GPU-based implementations of several typical swarm intelligence algorithms such as PSO, FWA, GA, DE, and ACO are presented and having described the implementation details including parallel models, implementation considerations as well as performance metrics are discussed. Finally, several typical applications of GPU-based swarm intelligence algorithms are presented. This valuable reference book provides a unique perspective not possible by studying either GPGPU or swarm intelligence alone.

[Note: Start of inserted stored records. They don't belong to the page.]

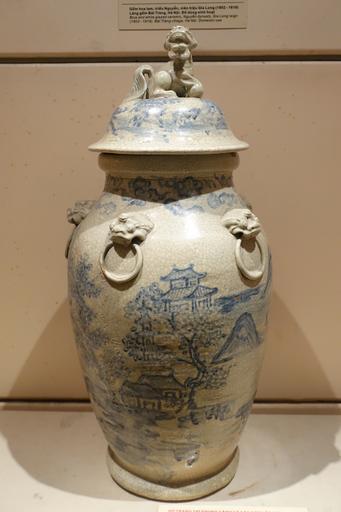 Keywords: Storage jar with landscape and sacred animals, Bat Trang, Hanoi, Nguyen dynasty, Gia Long reign (1802-1819 AD), blue and white glazed ceramic - National Museum of Vietnamese History - Hanoi, Vietnam - DSC05640.JPG en Exhibit in the National Museum of Vietnamese History Hanoi Vietnam Photography was permitted in the museum without restriction This artwork is old enough so that it is in the public domain 2014-08-06 03 34 49 own Daderot other versions cc-zero Nguyễn dynasty ceramics in the National Museum of Vietnamese History Uploaded with UploadWizard |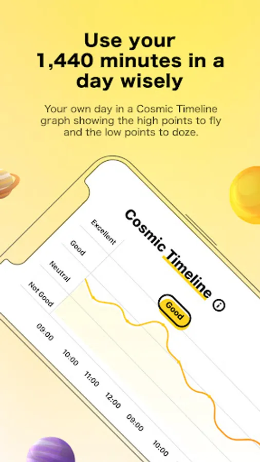 The Cosmic Weather: Your own day in a Cosmic Timeline graph showing the high’s to fly and the lows to doze.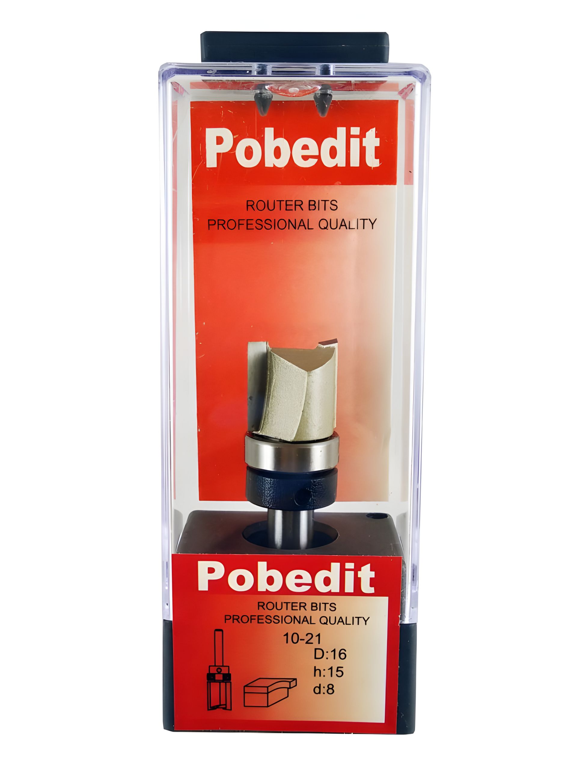 Фреза концевая Pobedit 1021, копировальная, с верхним подшипником, предназначена для обработки прямых торцов и обрезки боковых продольных свесов. Обеспечивает высокую точность при резке ламината и отличные результаты финишной обработки при работе по шаблону.

This book gives a complete and whole picture for interested readers and new comers who will find many implementation algorithms in the book suitable for immediate use in their projects. Additionally, some algorithms can also be used as a starting point for further research.
- Presents a concise but sufficient introduction to general-purpose GPU computing which can help the layman become familiar with this emerging computing technique
- Describes implementation details, such as parallel models and performance metrics, so readers can easily utilize the techniques to accelerate their algorithmic programs
- Appeals to readers from the domain of high performance computing (HPC) who will find the relatively young research domain of swarm intelligence very interesting
- Includes many real-world applications, which can be of great help in deciding whether or not swarm intelligence algorithms or GPGPU is appropriate for the task at hand
商品描述(中文翻譯)
《基於 GPU 的群體智慧演算法平行實作》結合並涵蓋了兩個日益受到關注和應用的新興領域:用於通用計算的圖形處理單元(GPGPU)和群體智慧。本書不僅詳細介紹了 GPGPU,還提供了在 GPU 平台上適當實作群體智慧演算法的指導。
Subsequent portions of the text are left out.